In a packed Royal Albert Hall, with a rapturous audience, it’s difficult to imagine that the first performance of Madam Butterfly back in 1904 was a complete disaster, labelled a ‘diabetic opera’, with jeers and catcalls throughout. But Puccini bounced back with a revised version only months later, and this time the performance set in motion the stunning success that’s continued ever since.
The story is still deeply shocking, with American Lieutenant Pinkerton rolling in to port and marrying a young Japanese bride, Cio Cio San, who is consequently roundly rejected by her own society. In her devotion it never occurs to her that he doesn’t take the marriage as seriously as she does – until Pinkerton returns with a new ‘real’ American bride, intending to take Butterfly’s adored child back the States.
This production, directed by David Freeman, is making its sixth appearance at the Royal Albert Hall, in a staging that is spectacularly beautiful but also thoroughly immersive. The doors all around the main auditorium are used as entrances and exits throughout the performance, bringing the leads, the chorus and other characters up-close and personal to the audience.
This contact is especially important, because the sheer size and scale of the Royal Albert Hall inevitably lose some of the intimacy that a smaller staging can bring, and an opera of this emotional intensity needs close audience engagement.
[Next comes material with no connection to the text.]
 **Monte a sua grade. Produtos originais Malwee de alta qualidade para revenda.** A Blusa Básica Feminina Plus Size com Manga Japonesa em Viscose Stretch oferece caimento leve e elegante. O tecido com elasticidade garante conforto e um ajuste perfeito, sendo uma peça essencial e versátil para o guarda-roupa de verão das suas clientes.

The stunning Japanese water-garden set is designed by David Roger. Built in the round, its 15,000 gallon pools are connected by wooden walkways, all leading to the open structure of Butterfly’s home. Its open screens and shutters allow a direct line of vision throughout for everyone in the great auditorium, and it’s an absolute triumph of art, combining a magnificently grandiose idea with delicacy and beauty of line.
Andrew Bridge’s outstanding lighting design is equally crucial to the success of the production. The gradual nightfall on Butterfly and Pinkerton’s wedding night is simply beautiful, with floating candles on the water and dusk closing in on the newlyweds, whose modesty is preserved even behind a gauzy curtain by a deft lighting change.
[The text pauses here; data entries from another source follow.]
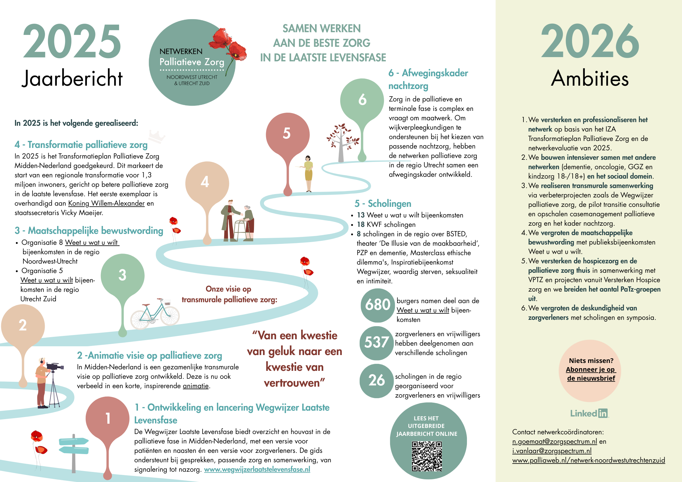 Met trots presenteren we het Jaarbericht 2025 én onze ambities voor 2026. De netwerken palliatieve zorg Noordwest-Utrecht en Utrecht-Zuid zetten zich samen met partners in de SEPTET-regio Midden-Nederland in voor goede zorg in de laatste levensfase. In 2025 werkten we aan betere samenwerking, meer bewustwording en ondersteuning voor zorgverleners, patiënten en naasten.
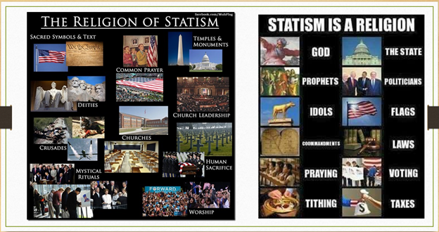 One of the other things the book exposes is that “government” is being indoctrinated into the population as a religion (Statism). Now, it's not being called a religion, But the people who are using the technique to rob and control society are using the exact same techniques as an unethically manipulative religion or a cult.
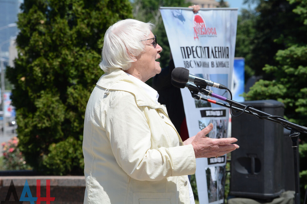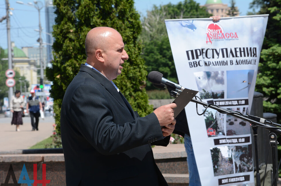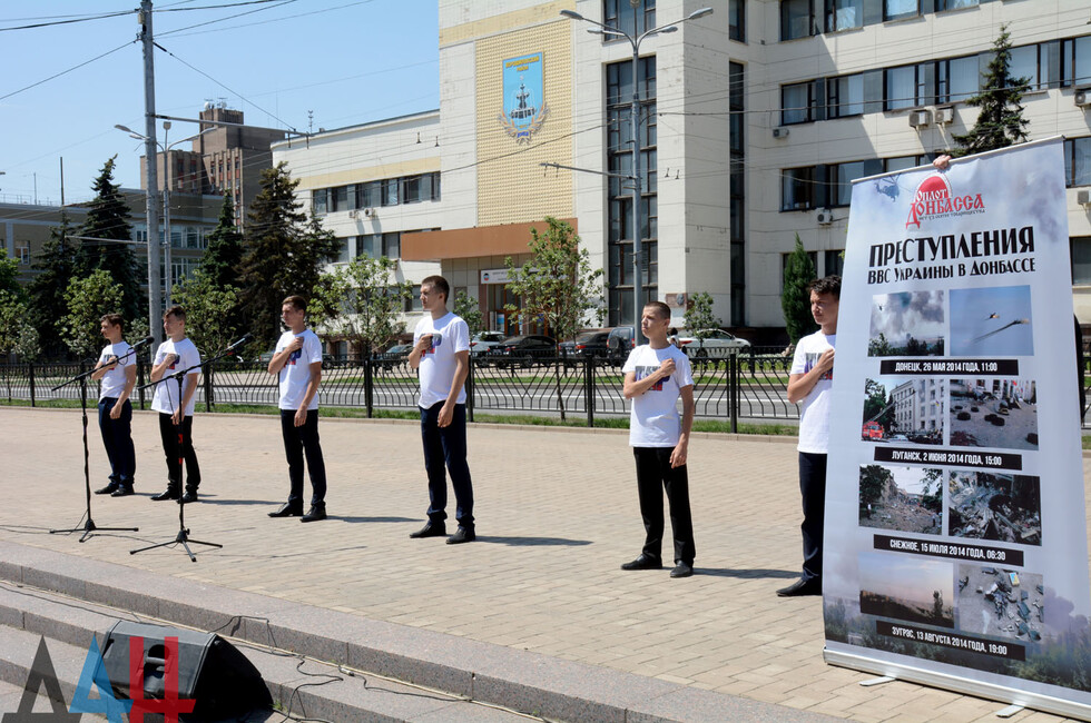 Донецк, 26 мая – корр. ДАН. Митинг-реквием «Донецкое небо» в память о жертвах, погибших в результате первой атаки Донецка авиацией вооруженных сил Украины, прошел сегодня в центре столицы Республики.

And Butterfly’s agonising all-night wait for Pinkerton to come back to her is superbly done at the end of Act II, with dawn breaking on her desperately isolated figure.
The role of Cio Cio San is sung by Nam-Young Kim (and by Hyeseoung Kwon and Myung-Joo Lee in other performances).
She is tender and yearning in the role, and if her vibrato takes her somewhat beyond the fifteen-year-old age range, her passion and despair in the final act match all the grandeur of the music.
As Pinkerton, soaring tenor James Edwards has a commanding presence and just the right amount of casual selfishness to warrant his status as a cad. He shares the role with Jeffrey Gwaltney and Mario Sofroniou.
Sabina Kim, Catherine Hopper and Marcia Bellamy, play loyal maid Suzuki, with David Kempster, Wyn Pencarreg and James Cleverton as conscience-stricken Sharpless.
And the whole drama is drawn together by the excellent Royal Philharmonic Orchestra, conducted with power and passion by Oliver Gooch.
Sound designer Bobby Aitken also performs a vital role in ensuring an appropriate balance of voices and instruments, with so much potential for either to be lost in the grand heights of the building.
After five previous seasons, there is now a strong sense of loyalty and tradition to the production, with its huge cast creating a convincing village life in the walkways around the water. And despite what it sacrifices in intimacy, this is a Madam Butterfly that thrills with its sheer spectacle.